Yeah, so we think a lot of the areas in CPG, these are well noted out there, but we think what we're seeing is a lot of that we're seeing is subsiding into Q4. So we're expecting a rebound there in CPG. Automotive, we don't think that that is a strong rebounder uh necessarily in q4 however what i will say is our conversations uh with our automotive clients are actually very promising uh that we believe they will returning uh a lot of their spending in the first quarter of next year of 2022. a lot of them are looking to get aggressive a lot of them know that they have to make an up to do and it seems to be that they are starting to see some of these supply chain related uh issues with respect to their chips they believe that that will be subsiding in the first quarter of 2022. So that's encouraging.
Great. Thanks for the caller. Congrats on the quarter.
Thank you.
Thank you.
We do have an additional question from Laura Martin at Needham. Laura, your line is unmuted.

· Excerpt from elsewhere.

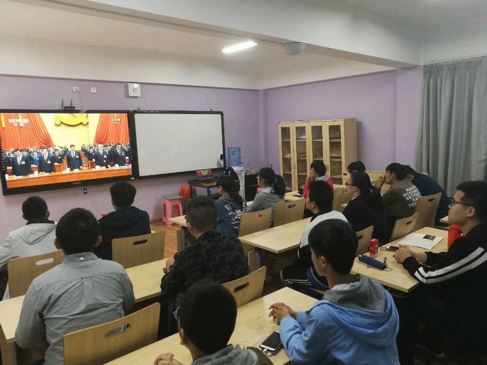 早上8:30,yl23411永利(集团)有限公司官网江安校区部分没有课的同学早早来到6舍学生活动室。会议直播在9:00准时开始。李克强总理主持全体出席人员唱国歌,为毛泽东、周恩来、刘少奇、朱德、邓小平、陈云等已故无产阶级革命家以及革命先烈默哀。在默哀之后,习近平总书记又代表十八届中央委员会向大会作报告。他指出,这次大会的主题是:不忘初心,牢记使命,高举中国特色社会主义伟大旗帜,决心全面建成小康社会,夺取新时代中国特色社会主义伟大胜利,为实现中华民族伟大复兴的中国梦不懈奋斗。以此为主题,习近平总书记总结了过去五年的工作和历史性变革。还指出了许多我们在今后的发展道路上要注意的问题,为我们国家未来的发展道路指出了明确的方向。习近平总书记号召我们全国人民要团结一心,为我们的共同目标奋勇前进。

Hi. I just thought I would ask you a big-picture question. Omnicom has proposed standards for CTV, the Connected TV Signal Standardization Initiative. Do you guys have any thoughts on that and how it would relate to your WWD release?
You know, specifically on their exact proposal, I don't have any comment on their exact proposal, but we're all for standards. This industry was built on standards. Everyone's looking for a common framework to interact with each other. So I think that's part of getting everyone on the same page. Again, I will say that we think the standard is a people-based standard moving forward, leveraging many different ways to attach data and targeting at that household level. So all in all, I think what the Omnicom proposal shows is the substantial need for a plan going forward with no ID across connected TV. I think another big important factor that advertisers are looking for in connected TV is what content is their ad being shown against. And that continues to be a big open area that the sell side and the buy side continue to work through.
Super helpful. Thanks very much.
Thanks a lot.
All right. At this time, we have no more questions. I'll give it just a few more seconds to see if we have any more that come in at the last minute. All right. Seeing none, I will go ahead and turn it back to Tim and Chris for closing remarks if there are none. And we'll go from there.
All right. Thank you very much, everyone, for joining our third quarter earnings conference call. We will speak to you again next year and are very excited about the future. Thanks a lot.
Thanks. This concludes today's conference call. You may now disconnect.